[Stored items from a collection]
Content starts

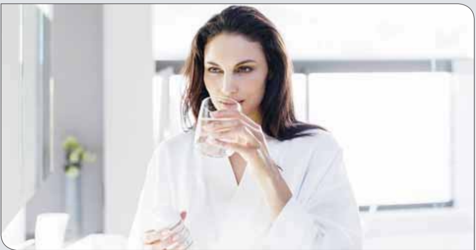
بعض النساء يحتجن تناول مكملات غذائية
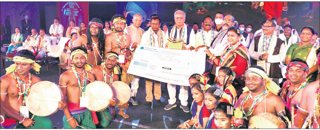
ଉପସାହାୟକ ମୁଖ୍ୟମନ୍ତ୍ରୀ ଉପେଶ୍ୱରୀ ସିଂହପାଲଙ୍କୁ ଉପସାହାୟକ ସଂକଳନ ପତ୍ରର ଛାପ ନୂତନ ଦ୍ୱିତୀୟ ଶ୍ରେଣୀ ପୁରସ୍କାର ପ୍ରଦାନ କରାଯାଇଛି।
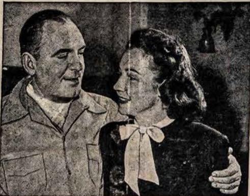
Vasaros žvaigždės—Pat O'Brien ir Lynn Bari tariasi apie naują dramatišką programą, kuri bus transliuojama per NBC, "The Rexall Summer Theater." Programa tęsis iki spalio 3-tią dieną
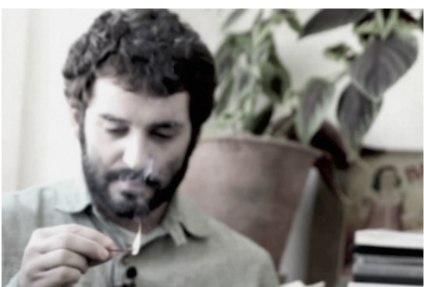
Sant Joan des de Montserrat i el pont de Joan Ponç
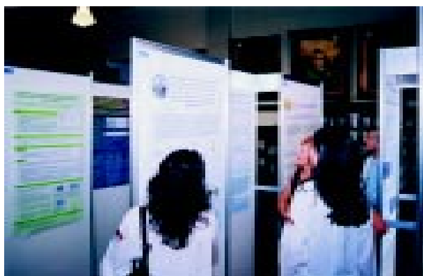
Exibição de pôsteres chamou a atenção dos participantes
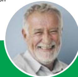
Abbildung Betroffenen nachempfunden, Name geändert. RUBAXX, Wirkstoff: Rhus toxicodendron Dtl. D6. Homöopathisches Arzneimittel bei rheumatischen Schmerzen in Knochen, Knochenhaut, Gelenken, Sehnen und Muskeln und Folgen von Verletzungen und Überanstrengungen. • Zu Risiken und Nebenwirkungen lesen Sie die Packungsbeilage und fragen Sie Ihre Ärztin, Ihren Arzt oder in Ihrer Apotheke. • PharmaSGP GmbH, 82166 Gräfelfing

„Lange Zeit habe ich mich mit rheumatischen Gelenkschmerzen geplagt, bis ich durch Empfehlung dieses Medikaments eingekommen habe. Schon nach zwei Wochen habe ich eine Besserung verspürt. Ich kann dieses Medikament nur jedem weiterempfehlen.“ Dieter W.
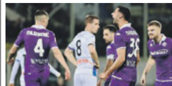
Rolando Mandragora . /LAPRESSE

Content ends

> TASK TO CARRY OUT
Once the line with "Sant Joan des" has been found above, output that line and every later line exactly, stopping after the line with "Exibição de pôsteres", and omit the pictures.

> EXERCISE OUTPUT
Sant Joan des de Montserrat i el pont de Joan Ponç
Exibição de pôsteres chamou a atenção dos participantes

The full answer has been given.